Padma’s mother is almost like another piece of furniture, her skin glowing blue in the flame from the kerosene stove, fingers picking stones from the dal for tonight’s meal.
Padma’s father is getting ready for work. Smells like shoe polish and soap. Makes respectful small talk as he settles our headmistress cross-legged on the floor, asks Padma to boil milk for the guest.
“Padma is talented,” Janaki Ma’am says. Padma hands her the chai, and when Janaki Ma’am takes a sip, the steam fogs up her spectacles. “She has a good character. Strong. Determined. One of the most promising students in her class.”
Padma’s father nods, smiling. “She has a way with numbers, you know. Manages all the money here at home.”
“She’s also quite good in social studies and Kannada,” Janaki Ma’am says. Puts the hot steel tumbler on the floor, removes her glasses. Wipes them with the end of her sari, then points them at Padma’s father. “All languages, really. Picks them up fast. She would make a great journalist. Or perhaps even a lawyer. God knows Heaven could use someone like her in the courts.”
Padma looks down so her parents do not see her smile.

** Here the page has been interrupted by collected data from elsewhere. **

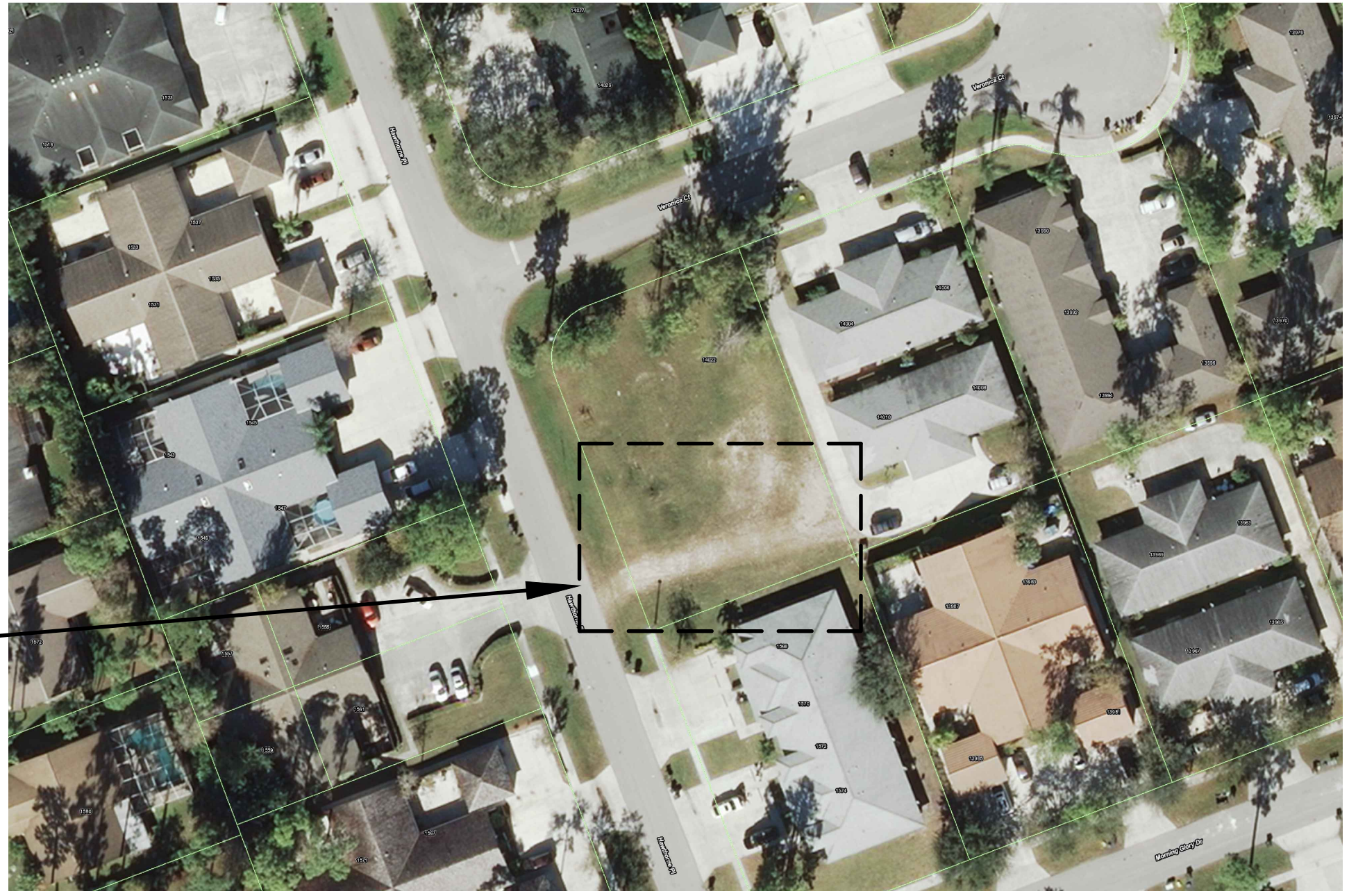
EXISTING SITE PLAN & SCOPE OF WORK Scale: 1:200

PROPOSED LOCATION OF NEW HALF BASKETBALL COURT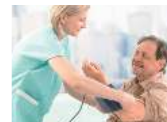
Measurement at ward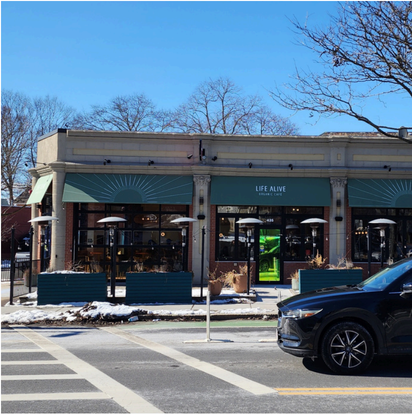
Life Alive 435 S. Huntington October 2024

“We are working extra hours to prepare students for their tenth-grade boards,” Janaki Ma’am continues, putting her spectacles back on. “Padma will need time to study. So I hope you’ll excuse her from some of her chores and allow her to stay after school for lessons. Free, of course. I conduct them myself. At that time we can counsel her to find a pre-university course.”
Gita Aunty turns the stove off. Clacks open the pressure cooker, picks it up, crosses the room, ducks out the door. Sings quietly as she puts cooked rice on the roof for the crows with fingers so calloused that they no longer feel any heat.